Someone screamed and Edibe Taner, the armed constable still at her side, shouted something into the air. But whatever she said had little effect upon the people in the courtyard and the garden, who were running as far away as they could from where the monk had fallen. It wasn’t until almost a minute had passed that anyone, including Süleyman, realised that Seçkin Taner now had a viper in each hand and was holding them aloft for all to see. He was smiling and, though restrained, the two serpents seemed to be comfortable enough in his company. His daughter, now down on the ground beside the monk, was calling for help. A balding man of about fifty and Süleyman himself ran over. As he passed Seçkin Taner he saw that the Master of Sharmeran was placing the snakes back in the box they had come from.
‘Dr Kozlu,’ Edibe Taner said to the balding man in Turkish, ‘he just collapsed.’
The doctor took the monk’s thin wrist between his f
ingers and then looked at his watch. But Süleyman could see that the monk was, if very shallowly, breathing.
‘I thought he’d been shot,’ he blurted as Edibe Taner regarded her friend with great concern.
She ignored him. ‘Doctor . . .’
‘Well, he has a pulse,’ the doctor said. ‘Just collapsed.
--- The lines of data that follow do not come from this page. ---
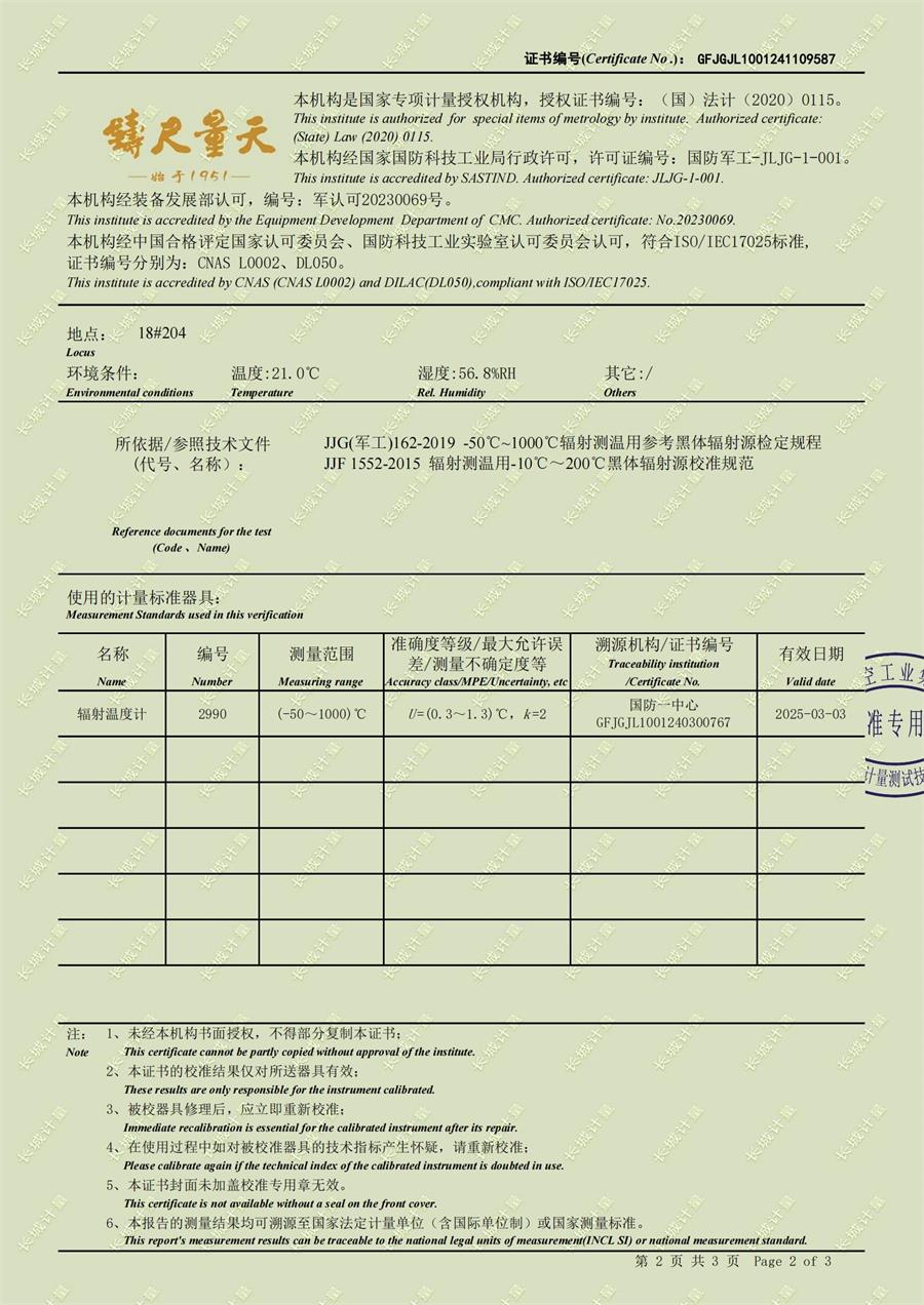 上一條:面源黑體爐校準(zhǔn)證書下一條:高精度制冷恒溫槽(-80~100℃)校準(zhǔn)證書
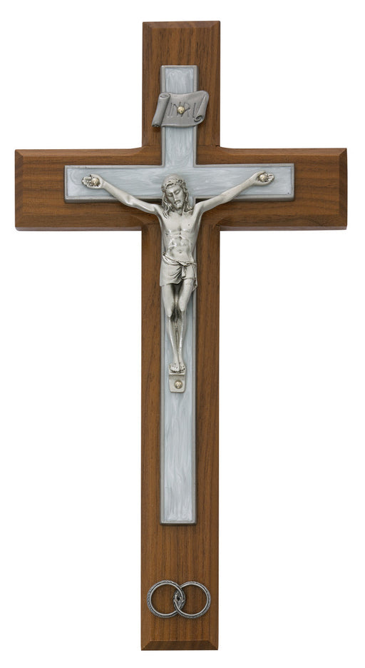 WEDDING CRUCIFIX 10" WALNUT WITH WHITE EPOXY OVERLAY AND RINGS
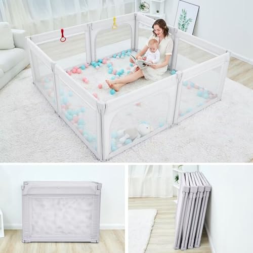 🥰【Easy to Assemble & Sturdy Playpen】It’s easy to put together so long as following the instruction or installation video, we provide multi-ways that can assist you included video calling service if you want it. When the playpen is installed, the fabric and soft padding will wrap tightly around the steel pipe, as a way to make the playpen stable, and the strong suction cups on the bottom makes it difficult to tip over or move the play yard

But from the state of him I’d reckon he’s probably dehydrated.’ He took a mobile phone out of the pocket of his jacket and switched it on. ‘I’ll admit him to the hospital.’
‘He’ll be all right, won’t he, Doctor?’ Edibe Taner asked. But Dr Kozlu was too busy on the phone to answer her. She looked down at the monk’s face and, with tears in her eyes, said something to him in Aramaic. All around people were gathering to see what had happened to their saint. But now more police officers had come into the grounds and they were holding a lot of the people back.
When she finally did manage to speak to anyone apart from the monk, Edibe Taner said to Süleyman, ‘The American woman’s guard is İbrahim Keser. İbrahim Keser, Uncle Musa’s neighbour. Gabriel was goading him. Accusing him! Inspector, will you make sure that Keser doesn’t leave the church, please?’
Süleyman said he would. However, search as he might, he couldn’t find Keser, Elizabeth Smith or any of her other guards anywhere. He ran out on to Avenue One to see whether a large truck was still parked by the pavement. But it wasn’t.
Sophia the Bulgarian girl was almost certainly not a regular churchgoer. But pregnant and alone in a foreign country she would in all probability, Ayşe felt, make an exception for the Easter service.
The church where the Bulgarian and Macedonian community in İstanbul worship is called St Stephen of the Bulgars. Situated in the old Greek quarter of Fener it stands in a small iron-fenced park beside the southern shore of the Golden Horn. It is a unique building in that it is constructed entirely of prefabricated cast-iron sections. Cast in Vienna, it was floated down the Danube and then erected piece by piece in Fener in 1871. An ornate, heavily ornamented building in the neo-Gothic style, St Stephens is, to those unaccustomed to it, an oddity. As Ayşe Farsakoğlu walked past those members of the congregation leaving the church she looked around the dark and in places rusted interior with some curiosity but not very high hopes. Although Orthodox ceremonies did go on sometimes for many hours it was late and she imagined that Sophia had probably returned to wherever she was living now. But she was proved wrong. At the back of the church, underneath a particularly dark and rusted ornamental niche, sat the girl, seemingly lost in thought.